- This condition is inherited in an autosomal dominant manner.
- Specialty: Immunology, Rheumatology, Medical genetics

= Haploinsufficiency of A20 =

Haploinsufficiency of A20 is a rare disease caused by mutations in the gene TNFAIP3. This gene is also known as A20.

==Signs and symptoms==

These are variable even within families. the main features are recurrent oral, genital and/or gastrointestinal ulcers, musculoskeletal and gastrointestinal complaints, cutaneous lesions, episodic fever and recurrent infections. The age on onset is also variable ranging from the first week of life to 29 years. The male : female ratio is 1:3.

==Genetics==

The TNFAIP3 gene is located on the long arm of chromosome 6 (6q23.3). Inheritance appears to be autosomal dominant with variable penetrance.

It appears that two copies of this gene are required to avoid inflammatory features developing - hence the name haploinsufficiency.

==Pathogenesis==

The gene encodes a protein – Tumor necrosis factor alpha-induced protein 3 – which inhibits the pro inflammatory actions of NF-κB. The protein encoded has both ubiquitin ligation deubiquitinase activities and forms part of the ubiquitin editing protein complex. It is involved in several biochemical pathways the details of which are still under investigation.

==Diagnosis==

Diagnosis is made by sequencing the TNFAIP3 gene. The usual laboratory tests are consistent with non-specific inflammation. Antinuclear antibodies and anti-dsDNA antibodies may be positive. Biopsies show non specific inflammatory changes.

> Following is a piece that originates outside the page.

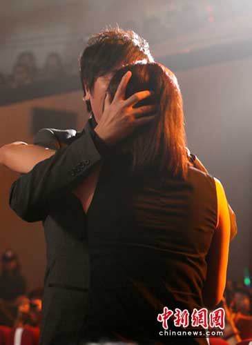 中新網(wǎng)4月12日電 4月11日晚,蒙牛酸酸乳音樂風(fēng)云榜十年盛典再回深圳盤點(diǎn)華語樂壇新世紀(jì)十年。本屆頒獎(jiǎng)星光熠熠,那英、陳奕迅、莫文蔚等華語樂壇大腕紛紛登場(chǎng)。本屆盛典評(píng)委會(huì)主席那英在活動(dòng)接近尾聲時(shí)榮獲“十年最具影響力音樂人物”大獎(jiǎng),在現(xiàn)場(chǎng)言辭激動(dòng)甚至動(dòng)情落淚,并和孫楠互相親吻。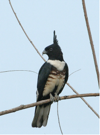 外形描述:体型略小(32厘米)的黑白色鹃隼。黑色的长冠羽常直立头上。整体体羽黑色,胸具白色宽纹,翼具白斑,腹部具深栗色横纹。两翼短圆,飞行时可见黑色衬,翼灰而端黑。飞行时振翼如鸦,滑翔时两翼平直。

===Differential diagnosis===

The main differential diagnosis are Behçet's disease and systemic lupus erythematosus.

==Treatment==

Response to colchicine has been variable. Cytokine inhibitors – including the anti-IL6 receptor biologic tocilizumab – appear to be the most effective. Given the rarity of this condition, optimal management has not yet been definitely identified.

==History==

This condition was first described in 2016.